At a paper speed of 10 mm/s, 1 page equates to 30 seconds and is defined as 1 epoch. Computerized polysomnography usually displays one video screen as one 30-second epoch.
The electroencephalography (EEG) signal is of primary importance in interpreting polysomnographic studies. It records electric potentials generated by the interaction between the cortex and the deeper brain structures, especially the thalamus. Two centrocephalic and 2 occipital cortical channels are recorded. Measurement of EEG signals is possible because of the relative difference in potential between the 2 recording electrodes; 1 electrode is considered negative with respect to the other. Negative discharges, by convention, are represented by an upwardly deflecting wave.
The polysomnograph references the left and right centrocephalic electrodes (C3, C4) or the left and right occipital electrodes (O1, O4) to electrodes on the opposite right and left ears (A2, A1). The general rule is to read only from the left cortical channel. However, when the left channel develops artifact or the validity of the signalissuspected, comparison is made with the right cortical channel. By convention in the United States, the left channels are odd numbers and the right channels are even numbers. By convention in the United Kingdom, the opposite is true, with the left channels described by even numbers.

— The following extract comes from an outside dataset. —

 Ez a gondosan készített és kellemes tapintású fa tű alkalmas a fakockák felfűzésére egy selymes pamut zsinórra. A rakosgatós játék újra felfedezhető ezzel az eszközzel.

Cortical signals are defined slightly differently according to the reference used. The following convention is used here:
- Delta is the slowest activity at less than 4 counts per second (cps).

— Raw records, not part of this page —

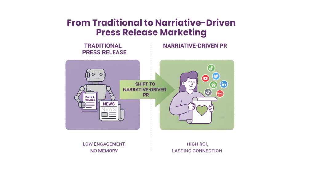 Emotional impact boosts immediate recognition and long-term business outcomes. Storytelling positions your press releases as a strategic differentiator in modern PR.
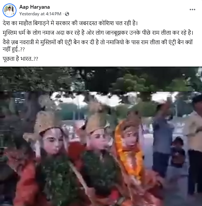 फेसबुक पेज आप हरियाणा ने एक वीडियो को पोस्ट करते हुए दावा किया, “देश का माहौल बिगाड़ने मे सरकार की जबरदस्त कोशिश चल रही है। मुस्लिम धर्म के लोग नमाज अदा कर रहे है ओर लोग जानबूझकर उनके पीछे राम लीला कर रहे है। वैसे ज़ब नवरात्री मे मुस्लिमों की एंट्री बैन कर दी है तो नमाजियो के पास राम लीला की एंट्री बैन क्यों नहीं हुई..?? पूछता है भारत..??”
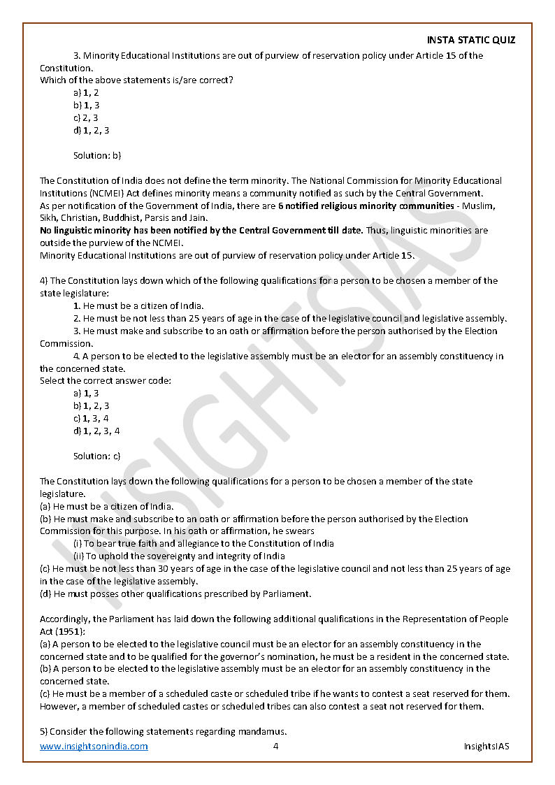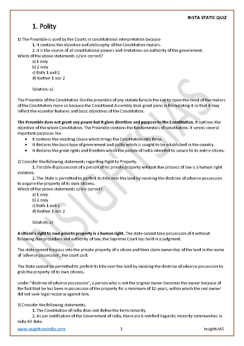 Insights IAS Insta Static Quiz Monthly Compilation June 2020 Printed Notes English Medium
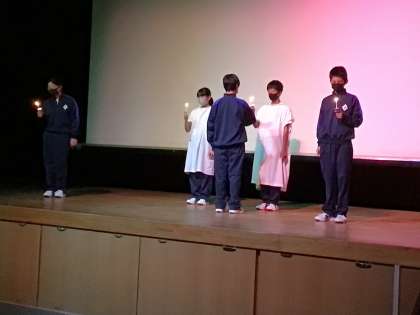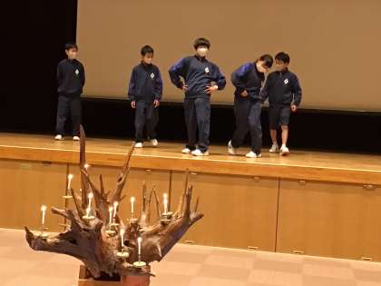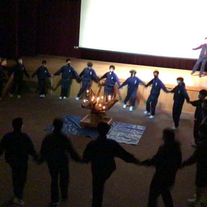 キャンドルサービスを行いました。各班の出し物やマイムマイムを踊って楽しみました。最後には一人一人が中学校生活の目標を発表しました。

- Theta is between 4 and 8 cps.
- Alpha is between 8 and 14 cps.
- Beta is greater than 14 cps.
- Another range occasionally mentioned is gamma, which is part of the high end of the beta frequency and has been described to range from 30-45 cps.
High frequency signals above 50 cps are finding increased mention in the literature. High frequency bands (HFB) are described in the ranges 51-100 Hz (HFB1), 101-200 Hz (HFB2), and 201-500 Hz (HFB3) for analysis purposes. Frequencies in these bandwidths are reported as being associated with cognitive processing and alertness.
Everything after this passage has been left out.